→ What you will do
As output, give the exact lines from the one containing "乾燥した接着剤を削り落として行きます。結構、厚塗り。" through the end of the listing below, both included, without the pictures.

****************************************

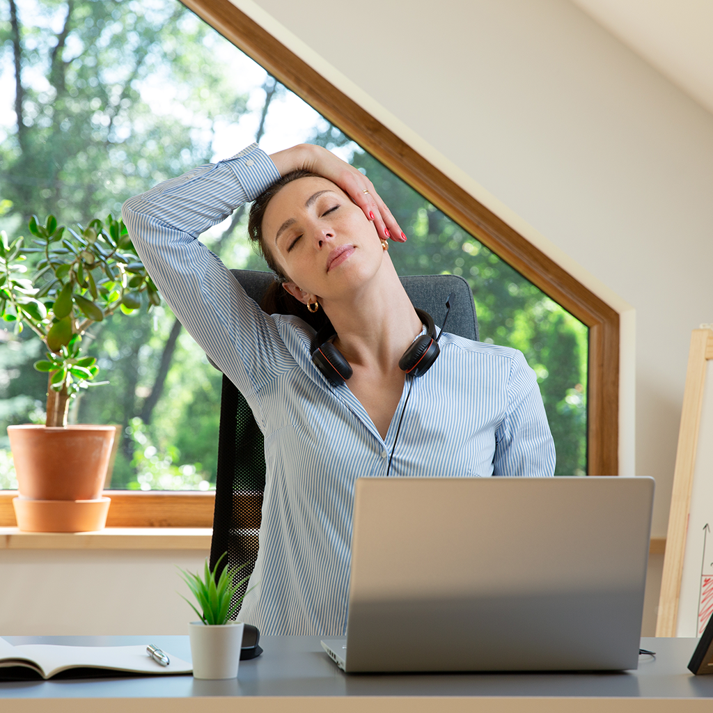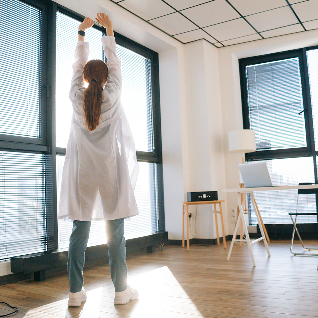 Durante o dia de trabalho, certifique-se de cuidar de si mesmo. Faça alongamentos corporais que ajudem a manter a mente e o corpo saudáveis. Além disso, não se esqueça de se hidratar com bastante água e comer a cada três horas.
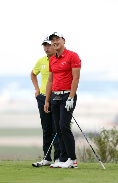 3번홀 드라이버 티샷후 볼의 방향을 살피는 김준성
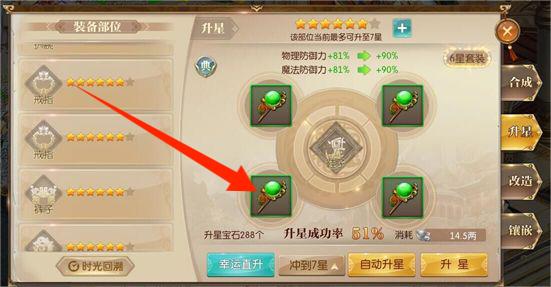 2、打开升星页,放装备与升星石,选择升星方式,提升装备星级加防御。
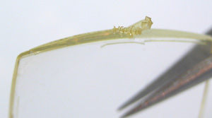 乾燥した接着剤を削り落として行きます。結構、厚塗り。
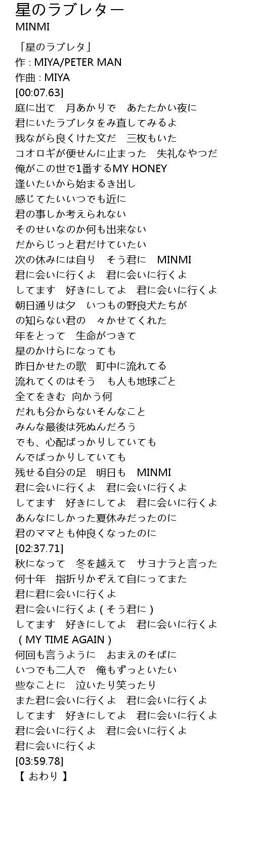 | [00:55.38] | 次の休みには自り そう君に MINMI |

****************************************

→ The completed task
 乾燥した接着剤を削り落として行きます。結構、厚塗り。
 | [00:55.38] | 次の休みには自り そう君に MINMI |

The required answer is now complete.